- Born: February 18, 1900 Viroqua, Wisconsin, U.S.
- Died: March 14, 1987 (aged 87) Green Bay, Wisconsin, U.S.
- Occupations: Lawyer; Treasurer Green Bay Packers 1959–81, Executive Committee Green Bay Packers 1950–81, Board of Directors Green Bay Packers 1950–87
- Known for: Treasurer, Executive Committee and Board of Directors of the Green Bay Packers

= Frederick N. Trowbridge =

American football executive

Frederick Newell Trowbridge Sr. (February 18, 1900 - March 14, 1987) was an American lawyer and an executive for the Green Bay Packers from 1950 to 1987.

==Early life==
Trowbridge served in the U.S. Army and was a veteran of World War I. Trowbridge graduated from the University of Wisconsin Law School in 1925.

==Green Bay Packers==
The Packers first consulted Trowbridge - an expert in industrial and labor law - as legal counsel when the team was going into receivership in 1933 and continued as the team faced many periods of refinancing. He would serve as the team's official legal consultant for nearly 50 years. Trowbridge joined the Packers' Executive Committee and Board of Directors in 1950 and remained for 31 years. In 1959, he became the franchise's Treasurer.

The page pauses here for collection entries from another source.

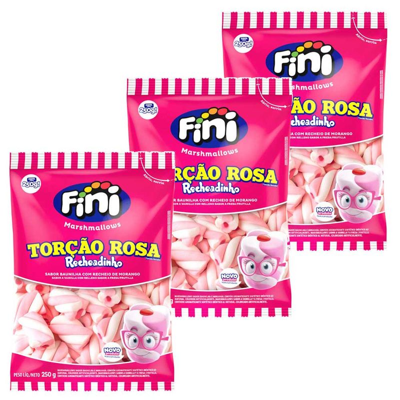 Marshmallows no formato torcido, com recheio. São deliciosos, macios, divertidos, coloridos e ricos em todos os detalhes. Opção ideal para deixar dias mais saborosos, decorar festas ou dar ainda mais beleza a pratos de confeitaria. Pacote com 250g, média de 38 unidades. Fini recheadinho. Kit contendo 3 Marshmallow recheado rosa e branco com recheio de morango.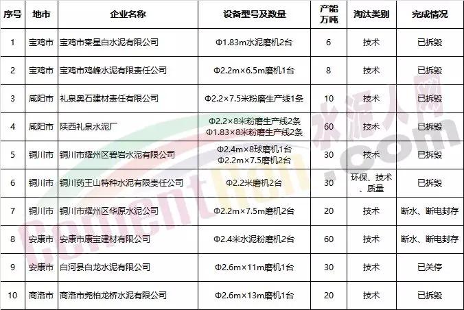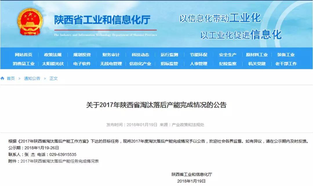 【水泥人網(wǎng)】日前,陜西省工業(yè)和信息化廳公告了2017年陜西省淘汰落后產(chǎn)能完成情況。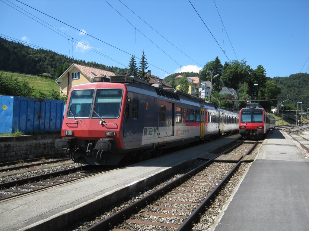 Zugskreuzung in Tavannes: Links; Ersatz Regio 5230, geführt mit einem 3-teiligem NPZ (560 118, REV) statt Domino, Rechts; Domino als Regio 5231 nach Sonceboz-Sombeval, 11.07.2011.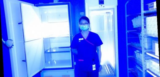Pharmacist Lei Ching Yeoh in the vaccination hub at Sunshine Hospital in the Melbourne suburb of St Albans. Ultra-low temperature freezers there will store thousands of doses of the Pfizer vaccine as soon as it lands in Australia.Credit:Justin McManus
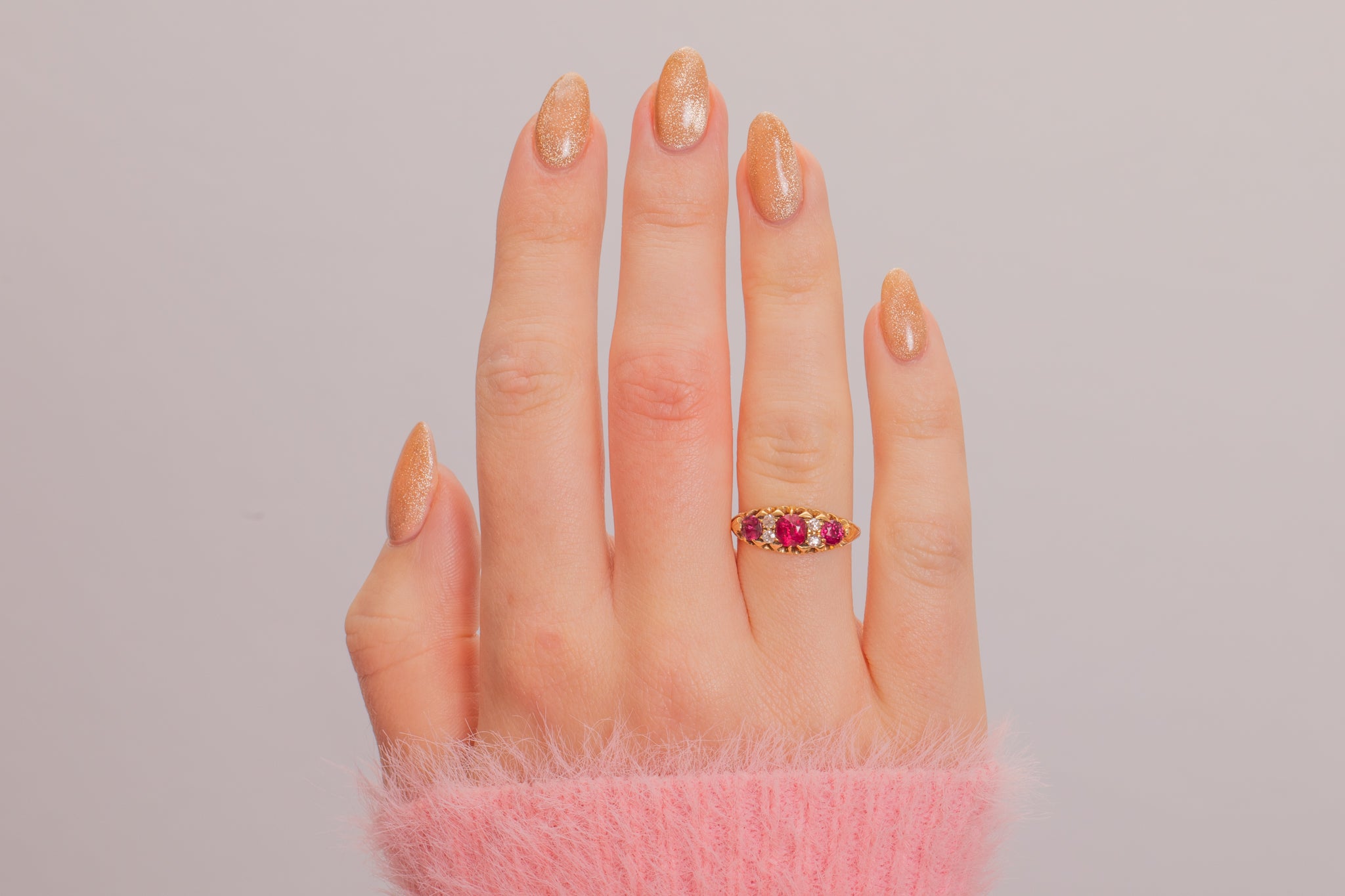 You are sure to get your sparkle fix with this piece- boasting three berry red Rubies, each with two bright Diamond sandwiched in between. The ring band is solid 18ct Gold, and hallmarked to 1902, making this piece all the more special!

In January, 1958, Trowbridge called Packer head coach Lisle Blackbourn while Blackbourn was scouting the Senior Bowl in Alabama to ask the coach to resign. Blackbourn refused to resign and insisted that the Packers publicly fire him instead - which the team did while Blackburn was still in Alabama.

In 1960, Pittsburgh Steelers owner Art Rooney submitted Trowbridge's name for consideration when the NFL was selecting a commissioner after the death of Bert Bell.

It was in Trowbridge's law office in the Bellin Building in Green Bay where Vince Lombardi requested his release from the team in 1969 to become the head coach of the Washington Redskins. After the 45-minute meeting, Lombardi held an impromptu press conference in the hallway outside of Trowbridge's office.

In 1984, Trowbridge was elected to the Green Bay Packers Hall of Fame.

After stepping down from the Executive Committee and as Treasurer in 1981, he remained on the Packers' Board of Directors until his death in 1987.